Mais ça n'avait pas suffi. Alors elle s'était risquée à absorber ses émotions d'une main, alors qu'elle soignait ses blessures de l'autre. Il avait fini par se calmer mais la jeune femme avait passé les deux heures qui avaient suivi à ressentir sa douleur pour l'en soulager. Elle avait eu envie de se griffer le visage, de s'arracher la peau du ventre et de hurler à plein poumons. Mais elle avait serré la mâchoire et fermé les yeux en priant pour que sa magie ne lui fasse pas faux bon avant qu'elle n'ait terminé.

Elle savait que ce soldat se trouvait derrière elle, dans l'une des voitures à se reposer.

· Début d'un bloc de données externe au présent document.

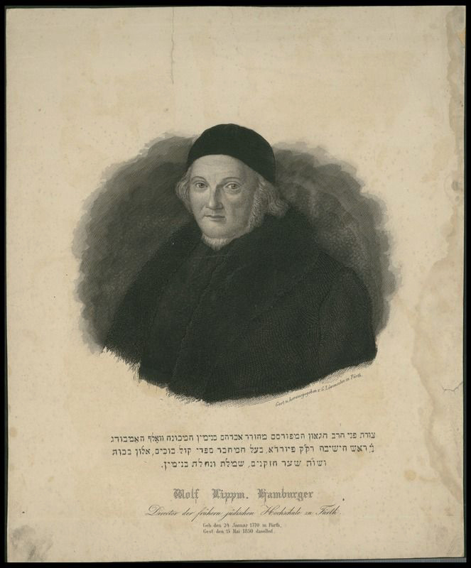 Wolf Hamburger (1770-1850) war Rabbiner und der letzte Leiter der Talmudschule in Fürth. Kupferstich von Gerson Löwensohn (1817-1871). (Public Domain via The National Library of Israel) HLB

Il avait écopé de deux vilaines cicatrises, affreusement larges, au ventre et au visage. Mais il était vivant et pourrait bientôt à nouveau combattre. C'était tout ce qui importait.

La main dans la poche de sa jupe, elle serra dans sa paume une petite sculpture en bois. Un soldat le lui avait offert.

« C'est pour vous. Je suis conscient que c'est un bien maigre présent pour ce que vous avez fait mais c'est la seule chose que je puisse vous offrir. Pour vous remercier pour avoir soigné ma main. » Elle avait été brisée. « Et... pour tout le reste. »

Elle sortit le petit objet et le contempla longuement. Il s'agissait d'un petit hibou la fixant avec de grands yeux. Elle l'adorait et comptait bien le garder toujours avec elle. Elle le rangea précautionneusement sans sa poche et reporta son attention devant elle.

Elle eut une pensée pour Petra, qu'elle n'avait pas revu depuis cette discussion qu'elle avait eue avec le Seigneur, comme l'avait prédit Fosca. Elle se demandait si elle avait déjà atteint la capitale ou si elle y serait avant l'impératrice. Mais surtout, elle pensa au mercenaire. L'espionne l'avait-elle déjà tué ?

Daphné eut de la peine pour cet homme, malgré ce qu'il avait fait. Des mercenaires, elle en avait vu pas mal dans son village. Ils ne s'arrêtaient généralement que pour une nuit mais elle se souvenait parfaitement bien de l'un d'eux qui avait avoué ne pas faire ce métier par choix. Il avait simplement besoin d'argent et c'était le meilleur moyen qu'il avait trouvé pour gagner sa vie rapidement. D'autres encore le faisaient pour rembourser des dettes.